Uma das grandes conquistas do 25 de Abril foi a democratização do ensino, em especial para as mulheres. Antes de 1974, um em cada quatro portugueses, cerca de 1,8 milhões, eram analfabetos - e dois terços deles eram do sexo feminino.
A percentagem caiu drasticamente e é hoje de 3%, e a grande maioria são idosos.
Além disso, quem ia à escola, poucos anos lá ficava. Três em cada quatro crianças não passavam do 4.º ano de escolaridade e apenas 5% chegava ao ensino secundário - hoje são quase 90%.
O mesmo para o Ensino Superior. Os dados só começam em 1978, mas nesse ano frequentavam universidades pouco mais de 80 mil alunos - hoje em dia são quase 450 mil.
Os anos passados nas universidades moldaram também aquilo que é hoje a família tradicional.
As mulheres casam-se quase 10 anos mais tarde do que se casavam em 1974: na altura, a idade média do primeiro matrimónio era de 24 anos para elas e de 26 anos para eles; hoje em dia é de 35 anos para os homens e de 34 anos para as mulheres.
A idade com que têm o primeiro filho também muda, evoluindo dos 24 anos em 1974 para os quase 31 anos em 2022.
E também têm menos filhos: o número médio caiu para metade, de 2,7 filhos para 1,4.
E, por isso, as famílias encolheram uma pessoa. Em média, a dimensão das famílias passou de 3,7 pessoas para 2,5.

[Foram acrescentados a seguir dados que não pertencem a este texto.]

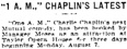 & „1 A. M.,“ CHAPLIN‘S LATEST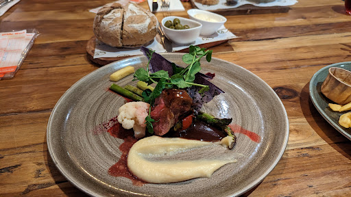 Read moreDok is een mooi restaurant ,maar slecht te vinden. Aan buitenzijde staat nergens de naam vermeld. Wij konden de naam tenminste nergens vinden. Bediening slecht en zeer traag. Lang wachten op drankje. Bestelde eten niet wat je verwacht. Biefstuk met gepofte knoflook besteld, maar gepofte knoflook nergens te vinden. Zat volgens bediening door de saus. Had dus anders vermeld moeten worden op menukaart. Bij het bestellen van een biefstuk verwacht je automatisch het juiste mes. Hier moest je zelf apart om vragen. De bestelling van stokbrood met smeersels: het stokbrood was vanbinnen nog bevroren. Na melden werd er vers brood afgebakken. Dit was zo heet dat je het niet vast kon pakken om te snijden. Had verwacht dat het brood gesneden geserveerd werd. Er wordt na het eerste drankje verder niet meer gevraagd of je nog wat wil drinken. Personeel staat met z'n allen aan de bar. Uiteindelijk loop ik zelf maar naar het personeel om te vragen of we nog een drankje kunnen krijgen bij het eten. Dit krijgen we na een tijdje. Het is dus niet zo dat er niet voldoende personeel staat. Als klap op de vuurpijl moet ik naar het personeel lopen om te vragen of we de dessertkaart kunnen bekijken. Men komt dus niet uit zichzelf langs. Na een keuze gemaakt te hebben en de bestelling doorgegeven te hebben ontvang ik na een tijdje nota bene het verkeerde dessert , bediening geeft ook een andere naam op.Ik geef dat aan bij de bediening. Zij gaat het navragen en komt terug met de mededeling dat dit wel het juiste dessert is maar dat ze alleen de verkeerde benaming gegeven heeft. Ik bekijk vervolgens nogmaals de menukaart en het klopt echter totaal niet met wat ik besteld heb. Nadat ik een ander personeelslid hier nogmaals op aanspreek verteld zij mij dat er een fout gemaakt is in de keuken en bied aan om alsnog het andere dessert klaar te laten maken. Wel met de vermelding dat ik nu juist veel meer heb. Uiteindelijk heb ik dit dessert van het huis gekregen. Maar u zult begrijpen: het geheel is beneden alle verwachting. Alertheid, betere aansturing personeel en een betere gastvriendelijkheid is hier...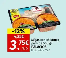 Supermercados El Jamón PALACIOS Migas con Chistorra ofertaPALACIOS Migas con Chistorra 250 gSupermercados El Jamón3,95 €23 octubre 202512 noviembre 2025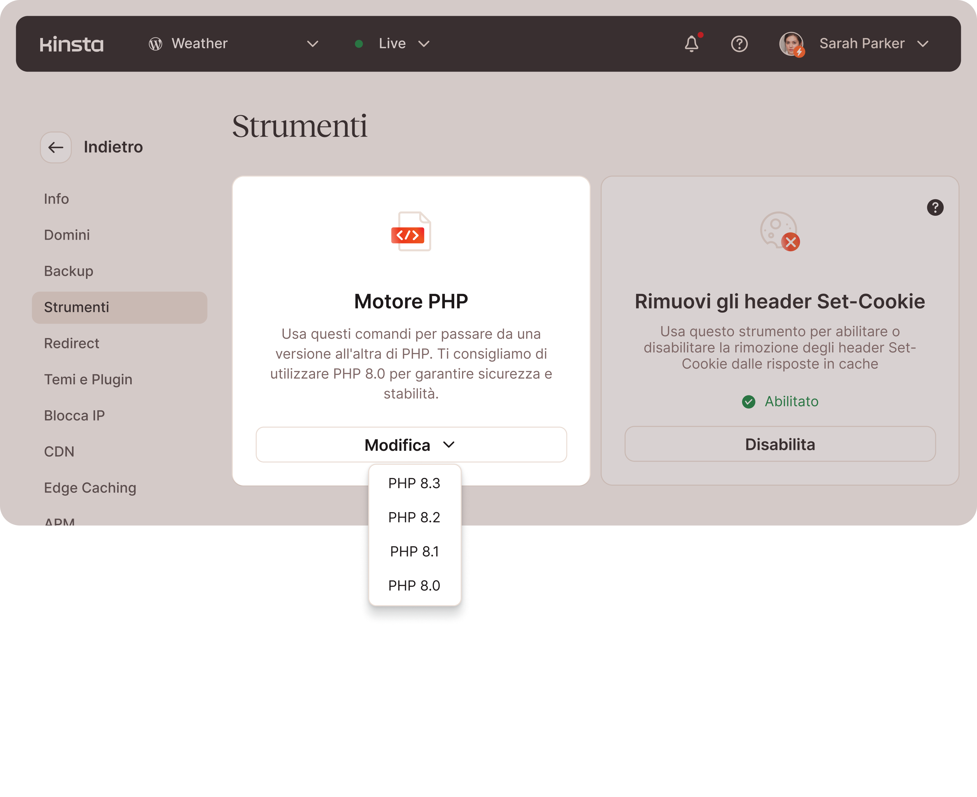 - Selettore di versione PHP per ogni sito

As conquistas no mundo do trabalho e da proteção social ajudaram também à subida progressiva da riqueza gerada por cada português. O PIB per capita, ajustado à inflação, mostra que os portugueses são hoje cinco vezes mais ricos do que eram há 50 anos.
Ao mesmo tempo, o salário mínimo disparou, mas isso nem sempre significa que valha mais do que era em 1974. Os 3.330 escudos (que se traduzem em 16,5€) com o ajuste da inflação ao longo dos anos valeriam hoje 631 euros.
Isso significa que só em 2017, com o Governo de António Costa, é que o salário mínimo real, ou seja, já com o ajuste da inflação, ultrapassou o salário mínimo real que existia há 50 anos.
O país viveu também, ao longo dos últimos 50 anos, uma intensa modernização dos transportes. Os aeroportos são os mesmos, mas o movimento neles disparou, com seis vezes mais aterragens e 12 vezes mais tráfego de passageiros.
Além da construção de metros, os quilómetros de autoestrada aumentaram exponencialmente: em 1974 estavam construídos apenas 66 km, em Lisboa e Porto; hoje são mais de 3.100 quilómetros.
Ao mesmo tempo, o uso do comboio caiu e, com ele, desativaram-se mais de mil quilómetros. Eram mais de 3.500 há 50 anos.